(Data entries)
=== Begin Enclosure ===
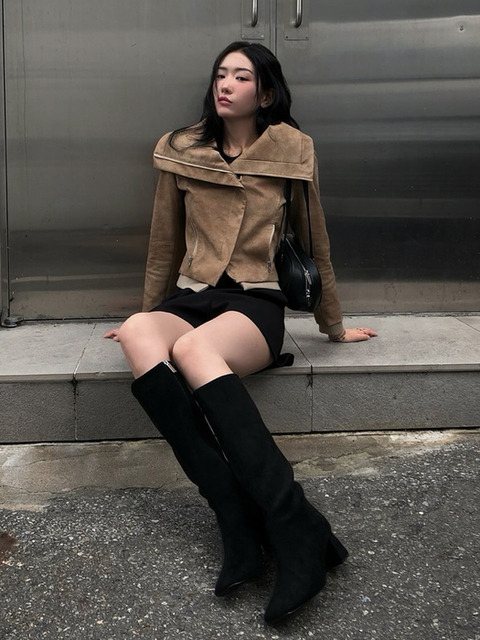 [찰스앤키스] 인조 스웨이드 스퀘어 토 사이드 지퍼 니하이 부츠
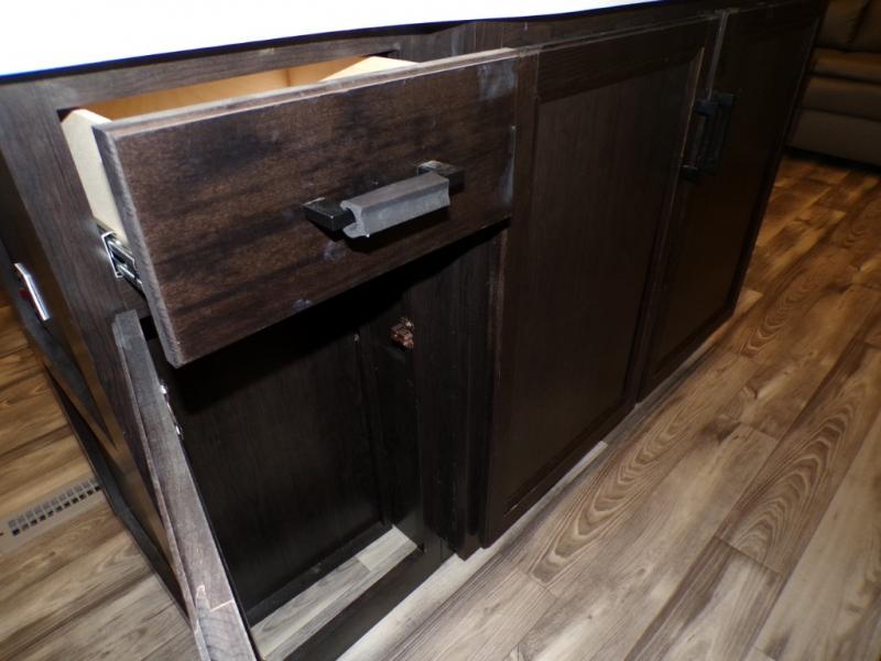 This fifth wheel with four slides is one your whole crew will love! There is a middle bunkhouse with a tri-fold sofa, a top bunk, and a desk, allowing this room to become an office if you need it. The loft above the bunkhouse will be a big hit with the little ones, and the full bath is centrally located so everyone can use it easily. You will have the front private bedroom all to yourselves with a queen bed slide out, a chest with an TV option, plus washer and dryer prep in the walk-in closet. The main living area includes everything you need to relax in comfort, like the theater seat, tri-fold sofa, and entertainment center with a fireplace. The chef will enjoy the extra counter space provided by the kitchen island, and there is plenty of storage with the walk-in pantry, the hutch, and the 21 cu. ft. residential refrigerator. This model even has an outside kitchen, two power awnings, and outside storage for all your gear!
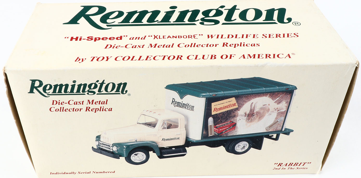 Remington truck, Rabbit, Wildlife Series, 2nd truck in the series, in original box, NIB, box is lightly faded, very bright and clean. Grade: Excellent - Value: 10 to 50
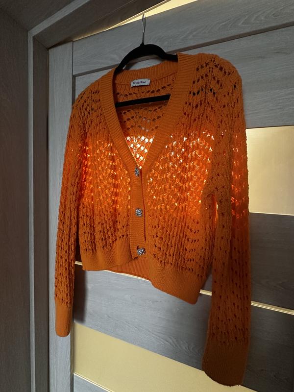 Кардиган яскраво - помаранчевого кольору Размер универсальный Длина- 56 см Рукава - 74 см Груди - 53 см Низ по манжету - 47 см
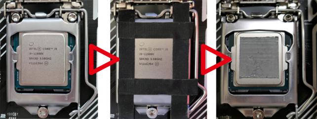 いつものことですが、CPUをソケットに装着したら、CPUの周囲を厚めのマスキングテープで覆い、グリスを塗ります。
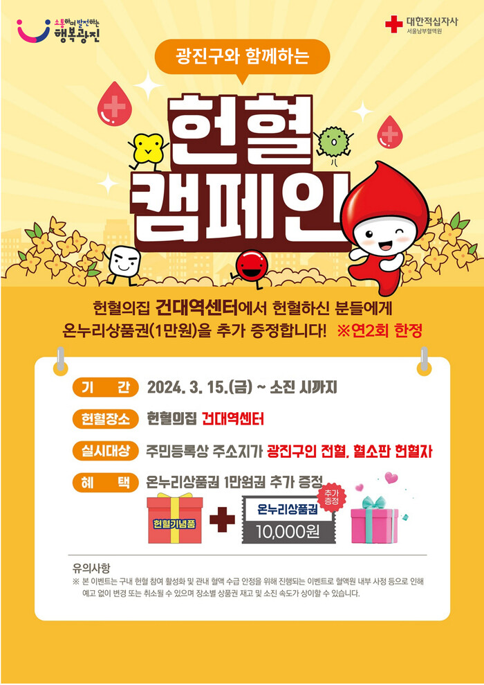 [시민일보 = 여영준 기자] 서울 광진구(구청장 김경호)는 안정적인 혈액 수급을 위해 '헌혈의 집 건대역센터'에서 헌혈에 참여한 구민에게 온누리상품권을 지원하고 있다고 밝혔다.
=== End Enclosure ===
• **Work required**
Output each entry exactly. Skip the pictures.

• **Expected answer**
 [찰스앤키스] 인조 스웨이드 스퀘어 토 사이드 지퍼 니하이 부츠
 This fifth wheel with four slides is one your whole crew will love! There is a middle bunkhouse with a tri-fold sofa, a top bunk, and a desk, allowing this room to become an office if you need it. The loft above the bunkhouse will be a big hit with the little ones, and the full bath is centrally located so everyone can use it easily. You will have the front private bedroom all to yourselves with a queen bed slide out, a chest with an TV option, plus washer and dryer prep in the walk-in closet. The main living area includes everything you need to relax in comfort, like the theater seat, tri-fold sofa, and entertainment center with a fireplace. The chef will enjoy the extra counter space provided by the kitchen island, and there is plenty of storage with the walk-in pantry, the hutch, and the 21 cu. ft. residential refrigerator. This model even has an outside kitchen, two power awnings, and outside storage for all your gear!
 Remington truck, Rabbit, Wildlife Series, 2nd truck in the series, in original box, NIB, box is lightly faded, very bright and clean. Grade: Excellent - Value: 10 to 50
 Кардиган яскраво - помаранчевого кольору Размер универсальный Длина- 56 см Рукава - 74 см Груди - 53 см Низ по манжету - 47 см
 いつものことですが、CPUをソケットに装着したら、CPUの周囲を厚めのマスキングテープで覆い、グリスを塗ります。
 [시민일보 = 여영준 기자] 서울 광진구(구청장 김경호)는 안정적인 혈액 수급을 위해 '헌혈의 집 건대역센터'에서 헌혈에 참여한 구민에게 온누리상품권을 지원하고 있다고 밝혔다.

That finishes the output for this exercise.